Given that required plane passes through points P(2, 4, 2) and Q(2, 3, 5) and parallel to a line whose direction ratios are 3, -2, 1.
Now, direction ratios of line AB are 0, -1, 3
Let the direction ratios of normal to the plane are A, B and C.
Since, point P and Q lie on plane, therefore line joining points P and Q is perpendicular to normal.
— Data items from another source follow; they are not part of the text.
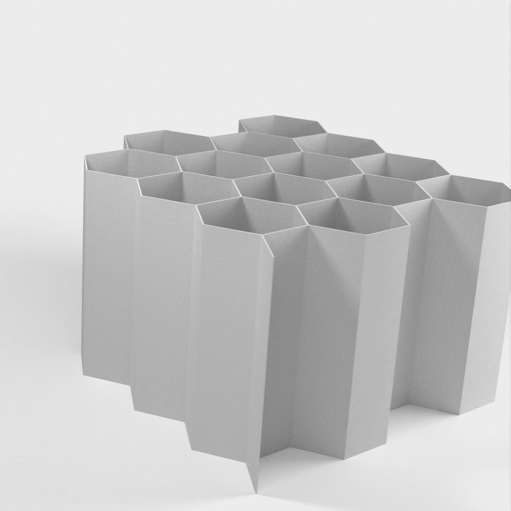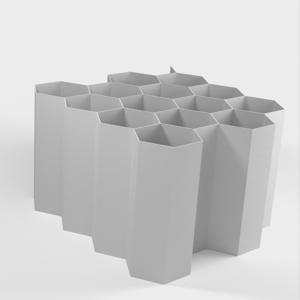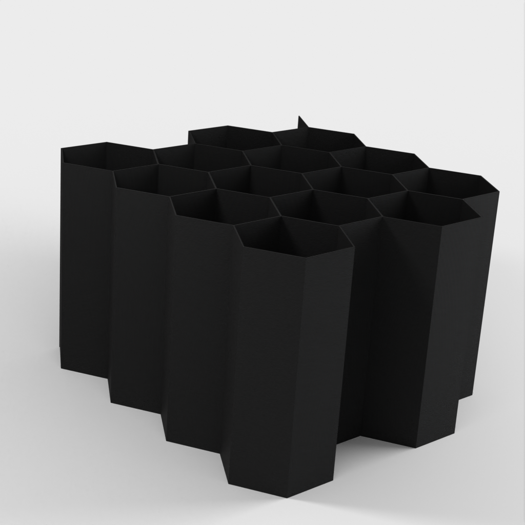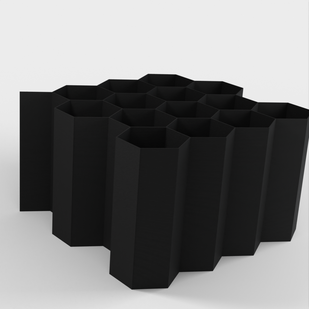 De Hex Cable Organiser is een modulair kabelopbergsysteem dat kabels snel vindt en opbergt zonder dat ze in de war raken. Kabels kunnen netjes worden opgeborgen in de zeshoekige sleuven. Er kunnen eenvoudig meer kabelopbergruimtes worden toegevoegd.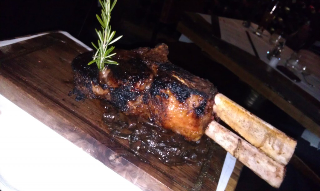 On my first go at QM, I had the bone-in ribeye. I remember being impressed with the size of it, and the huge frenched bone – it was like an axe. My wife had a trio of filets that time. I wasn’t blown away by that, but I do remember liking the ribeye. This time me and the other ass-kicking manimal at the table split a 64oz ribeye for two, and my wife had a seafood tower. The meat was delicious. While it is difficult to ensure even cooking throughout such a huge hunk of meat, Quality Meats did a pretty damn good job. There was only one spot where the meat was a little too under, and not seasoned enough (in the center), and portions of the fat cap were a bit too salty and overcooked. However, if you combined a bite of each, it was a perfect medium. In hindsight it might have been better to go with two 24oz ribeyes (one each), but I was certainly impressed with the flavor. There was a distinct char on the meat, crispy edges, and an abundance of rosemary flavor, which after a while I thought was too much. In fact rosemary seemed to be pretty much the theme of the meal. It was also baked into the table breads. See below – there is a massive sprig of rosemary sticking out of the meat. You will also notice it is chopped up on the bread as well. This isn’t necessarily BAD; I like the aroma and flavor of rosemary, but I DO NOT like the actual needles themselves. They bother me. They also served the steak with a really vinegary mushroom and onion mix. They were black and just way too overpowering; we avoided that shit like the plague.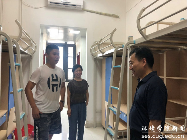 党委书记李素矿在未来城校区指导学生搬迁工作,叮嘱师生预防中暑,到学生宿舍走访看望。

∴ 0 x A + (-1) x B + 3 x C = 0 (condition of two perpendicular lines)
⇒ -B+3C = 0
⇒ B=3C .....(i)
Since, given plane is parallel to line 3i - 2j + k
∴ Normal to plane is perpendicular o line 3i - 2j + k
∴ 3A-2B+C = 0
⇒ 3A-6C+C = 0 (from(i))
⇒ 3A = 5C
⇒ A = 5C/3 .....(ii)
Hence, the direction ratios of normal to required plane are 5C/3, 3C, C or 5, 9, 3. (By putting C=3)
Therefore, the equation of the plane is 5x+9y+3z = d, where d is perpendicular distance of origin from plane.
Since, point (2, 4, 2) lies on plane.
∴ d = 2 x 5 + 4 x 9 + 2 x 3
= 10+36+6
= 52
∴ Equation of required plane is 5x+9y+3z = 52.
Equation of line joining the points 2i+j+3k and 4i+2j+3k is r = a+λ(b-a)
⇒ r = (2i+j+3k) + λ((4-2)i + (2-1)j + (3-3)k
⇒ xi+yj+zk = (2+2λ)i + (1+λ)j + 3k (∵ r = xi+yj+zk)
⇒ x = 2+2λ, y = 1+λ, z = 3
Hence, locus of arbitrary point on line joining points (2, 1, 3) and (4, 2, 3) is given by.
(x, y, z) = (2(1+2λ)), 1+λ, 3j
Since, line meets the plane, therefore equation of arbitrary point on line satisfies equation of plane.
∴ 5 x 2(1+λ) + 9 x (1+λ) + 3 x 3 = 52
⇒ 10+10λ+9+9λ+9 = 52
⇒ 19λ = 52-28 = 24
⇒ λ = 24/19
∴ point which lies on both line and plane is (x, y, z) = (86/19, 43/19, 3).
Hence, plane meets the line at (86/19, 43/19, 3).